== Exercise objective ==
Reproduce exactly only the lines from the line that holds "varastointi, kaksois T-piikki" to the line that holds "Premiação de Estudantes", inclusive, in the listing below, and please leave out every picture.

== Stored data ==
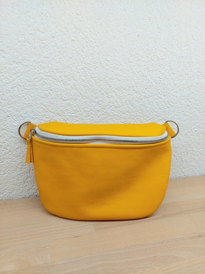 Banane en cuir véritable, doublée avec poche intérieur. Sacoche durable et pratique.
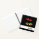Das Notebook wird mit schwarzem Hintergrund und extravagant schnellem Sportwagenprint gezeigt. Individuelle Name, passen Sie dieses Element an und ändern Sie den Namen in Ihren Namen, oder entfernen Sie den Namen, wenn Sie möchten, und fügen Sie anderen Text.
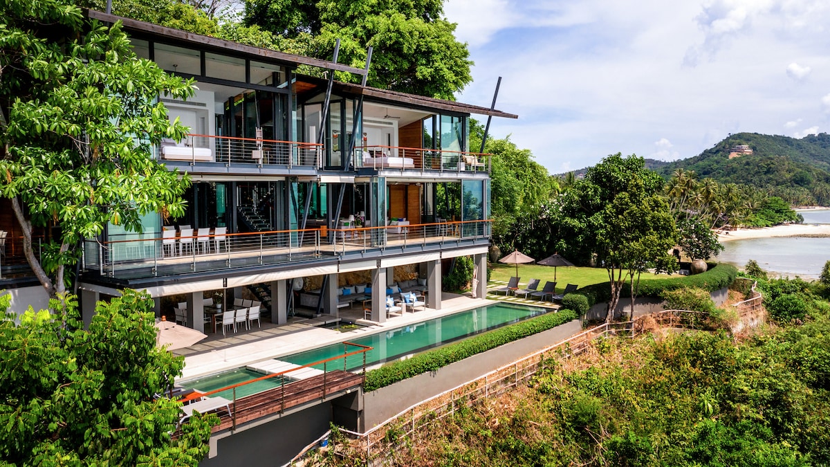 With an earthy color palette and plenty of wide openings to the terrace, Villa Hibiscus makes it easy for fresh ocean breeze and natural sunlight to provide a relaxing ambiance during your beach vacation. Rich wood tones, vaulted ceilings, intricate stone accents, and plenty of tropical greenery display the Koh Samui’s serene architecture, while high-end electronics, designer furniture, and state of the art appliances add a touch of modern luxury to this island oasis.
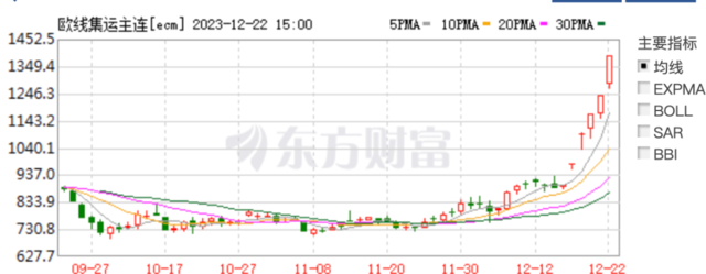 集运指数(欧线)期货主力合约此前已经连续3个交易日触及涨停,12月22日早盘再度触及涨停,报1236.8点,连续四个交易日累计涨近40%。
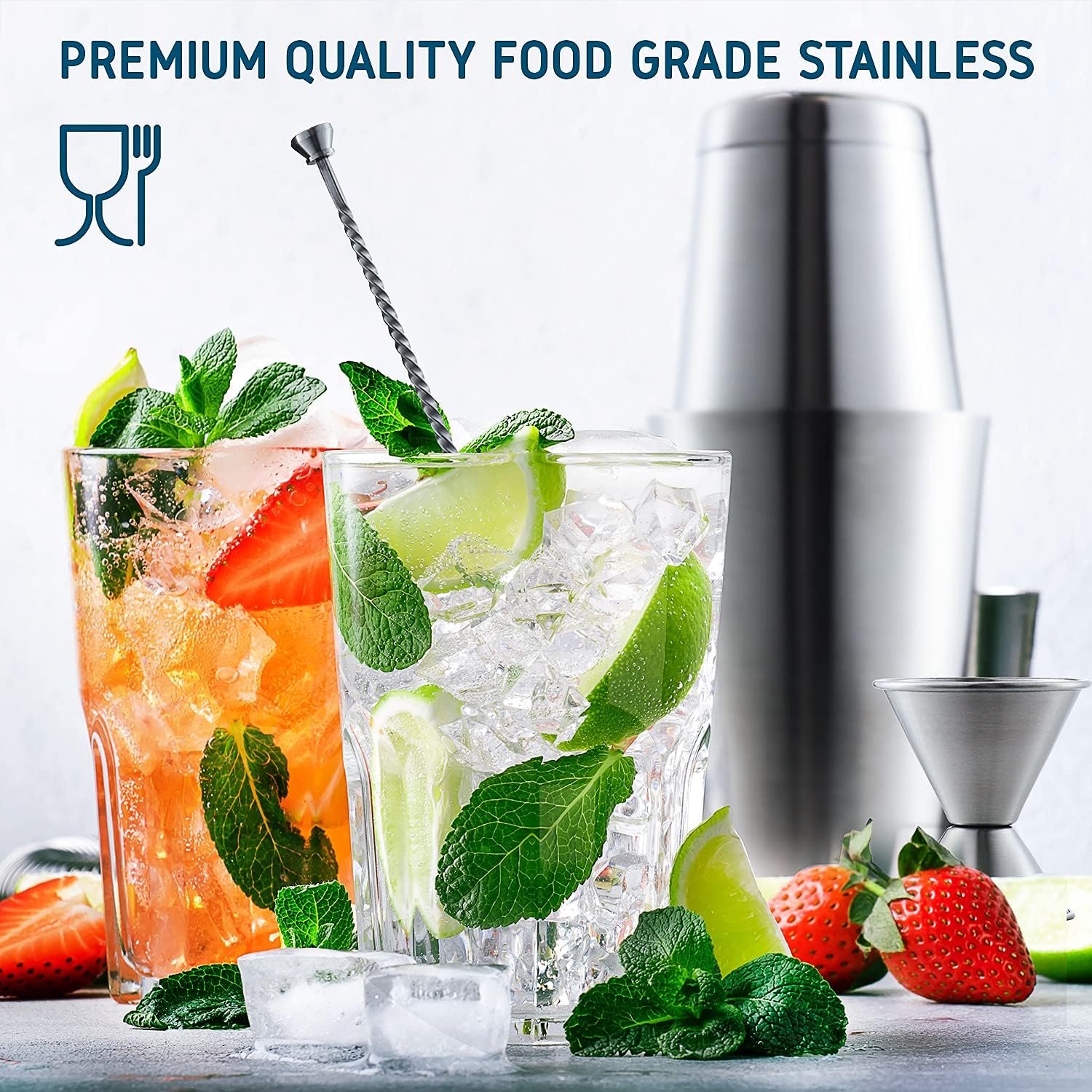 Professional Bartender Set: Our shaker set, bartender kit is made from commercial-grade stainless steel. Rustproof and dishwasher safe, this drink mixing set is built to last.
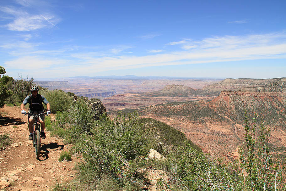 The Rainbow Rim Trail is 18 miles long and easily rideable in a day as an out-and-back if you are “on the pedals”. Personally, I think you would be quite the bonehead to do so as this ride deserves to take plenty of time to stop and smell the flowers, take in the views and generally just soak the whole place in. You can hammer on any trail, but it's not everyday you get to cruise along the rim of the Grand Canyon. After Jeff and Bill rustled up we had some breakfast then leisurely got out stuff around for an out-and-back to Parissawampitts Point. It is a tricky name to say and we found unending pleasure from seeing how many ways we could butcher the name.
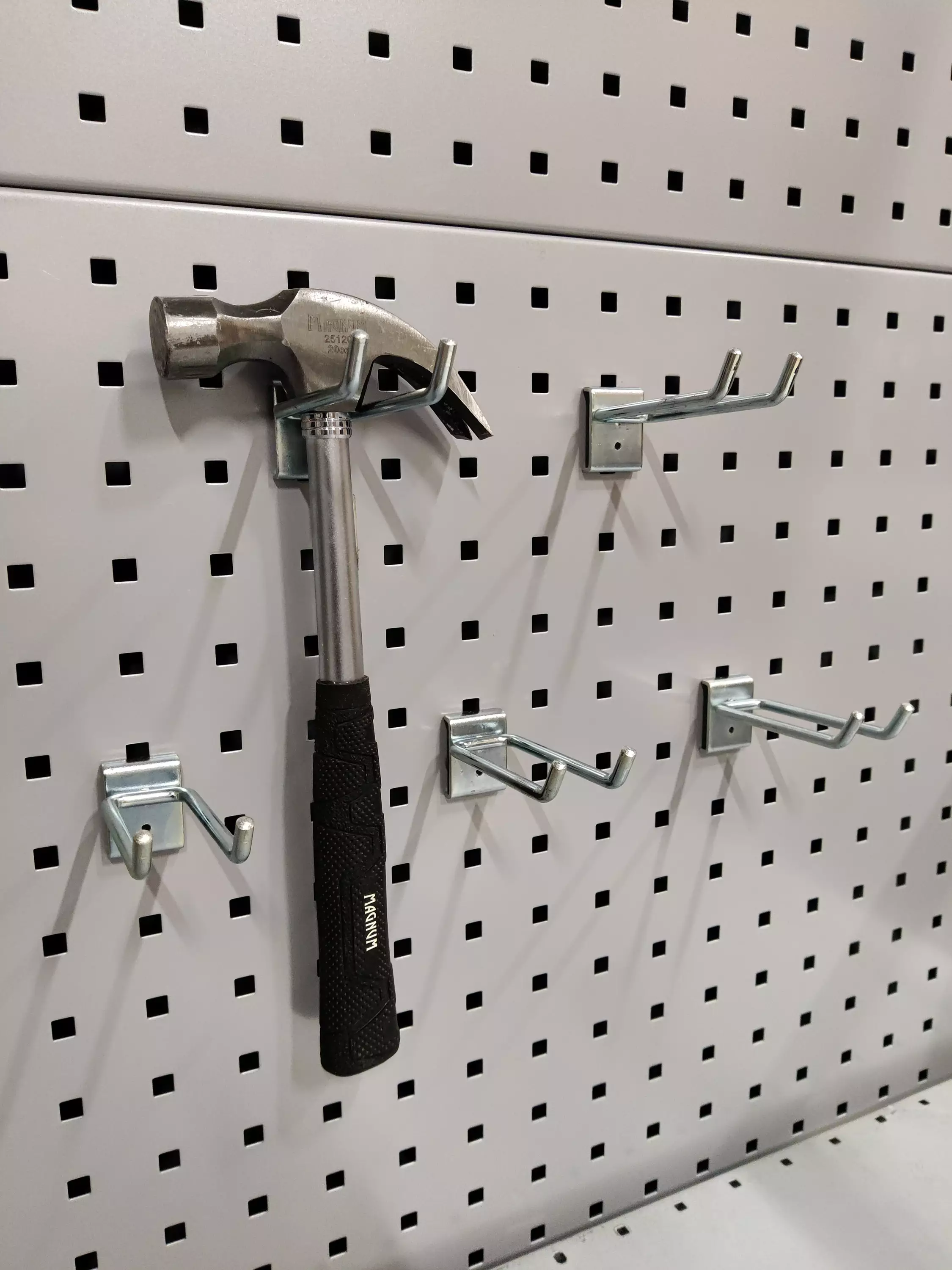 Reikälevypiikki, reikälevypidike, työkalupiikki, työkalupidike, reikälevy, reikäpelti, ripustuskoukku, työkalukoukku, työkalujärjestelmä, työkalutaulu, varastointi, kaksois T-piikki
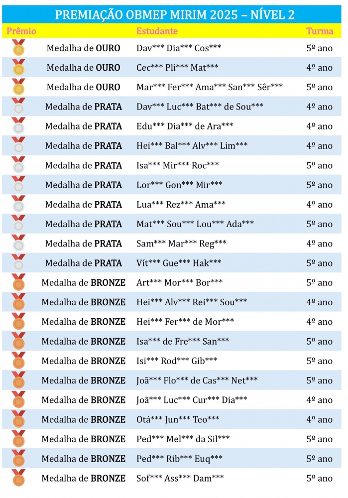 Premiação de Estudantes na 4ª OBMEP Mirim 2025
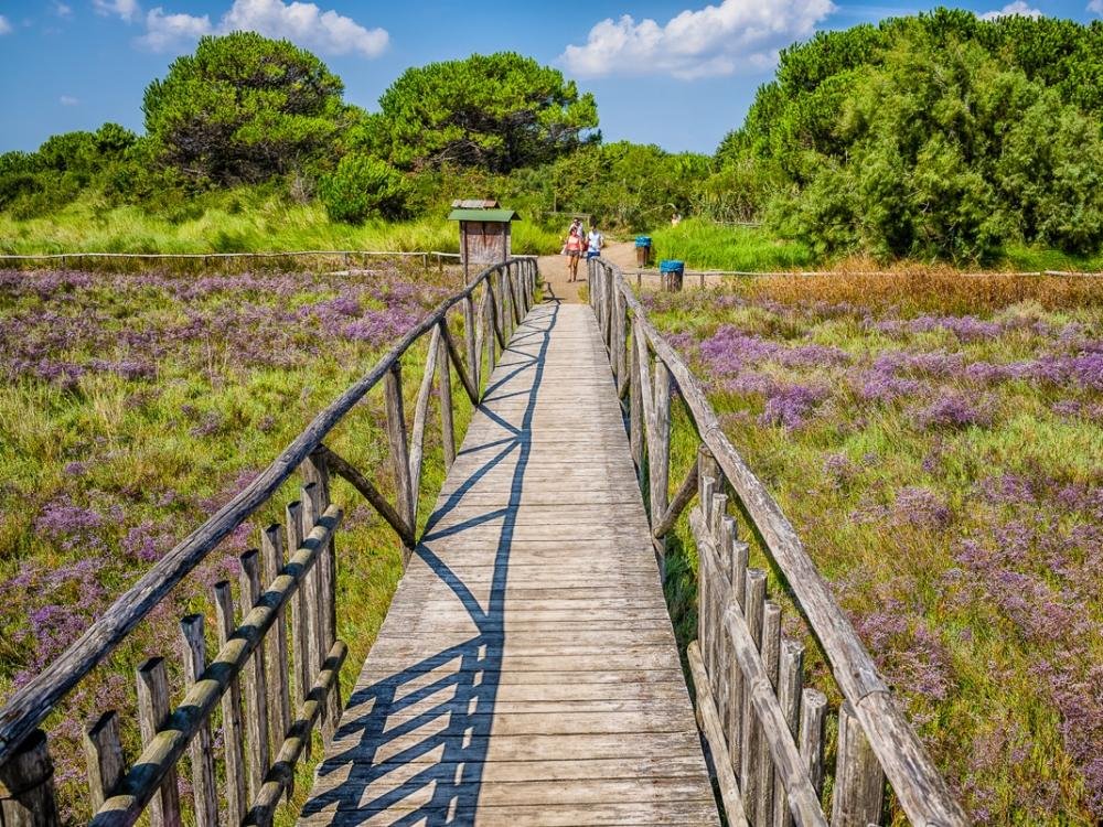 The Coastal Botanical Garden, which can be visited on foot along accessible wooden walkways, has been created with the aim of preserving a unique natural environment throughout the Delta: authentic testimony to the vegetation that is typical of the coastal and marine environment of the upper Adriatic, and of its evolution to modern times. The Botanical Garden was built by the Veneto Region in 1990 in an area designated as a Site of Community Importance (SIC) and is part of the territory of the Veneto Regional Park of the Po Delta. There is a plurality of eco-systems in its 24 hectares of extension: there are 220 plant species coexisting between the pine forest, the dune cordon of the coast and the wetland zone of inland salt waters.

== Reply to the exercise ==
 Reikälevypiikki, reikälevypidike, työkalupiikki, työkalupidike, reikälevy, reikäpelti, ripustuskoukku, työkalukoukku, työkalujärjestelmä, työkalutaulu, varastointi, kaksois T-piikki
 Premiação de Estudantes na 4ª OBMEP Mirim 2025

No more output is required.